[EXCERPTED DATA — start]

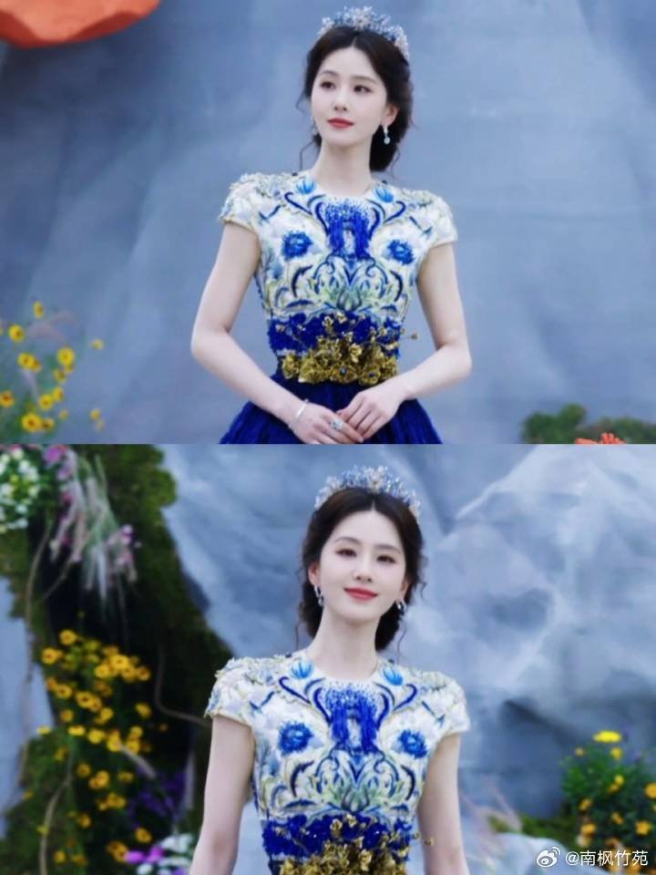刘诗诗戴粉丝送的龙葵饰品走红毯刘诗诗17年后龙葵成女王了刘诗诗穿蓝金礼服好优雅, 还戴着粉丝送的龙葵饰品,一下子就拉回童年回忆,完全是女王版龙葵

[EXCERPTED DATA — finish]
[EXCERPTED DATA — start]

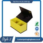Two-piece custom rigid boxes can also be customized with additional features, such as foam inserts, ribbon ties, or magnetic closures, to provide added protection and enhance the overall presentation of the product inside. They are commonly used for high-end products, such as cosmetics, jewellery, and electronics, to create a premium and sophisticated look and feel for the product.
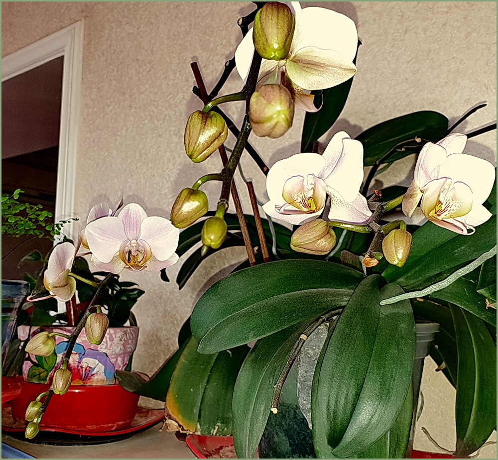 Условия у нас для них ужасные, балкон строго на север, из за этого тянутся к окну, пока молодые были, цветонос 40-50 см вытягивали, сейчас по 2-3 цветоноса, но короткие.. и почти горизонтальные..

[EXCERPTED DATA — finish]

WHAT THE TASK REQUIRES:
From the listing above, please give again the lines that begin with the line holding "Two-piece custom rigid" and go on through the line holding "Условия у нас", exactly, both ends included, minus any picture.

SOLUTION:
Two-piece custom rigid boxes can also be customized with additional features, such as foam inserts, ribbon ties, or magnetic closures, to provide added protection and enhance the overall presentation of the product inside. They are commonly used for high-end products, such as cosmetics, jewellery, and electronics, to create a premium and sophisticated look and feel for the product.
 Условия у нас для них ужасные, балкон строго на север, из за этого тянутся к окну, пока молодые были, цветонос 40-50 см вытягивали, сейчас по 2-3 цветоноса, но короткие.. и почти горизонтальные..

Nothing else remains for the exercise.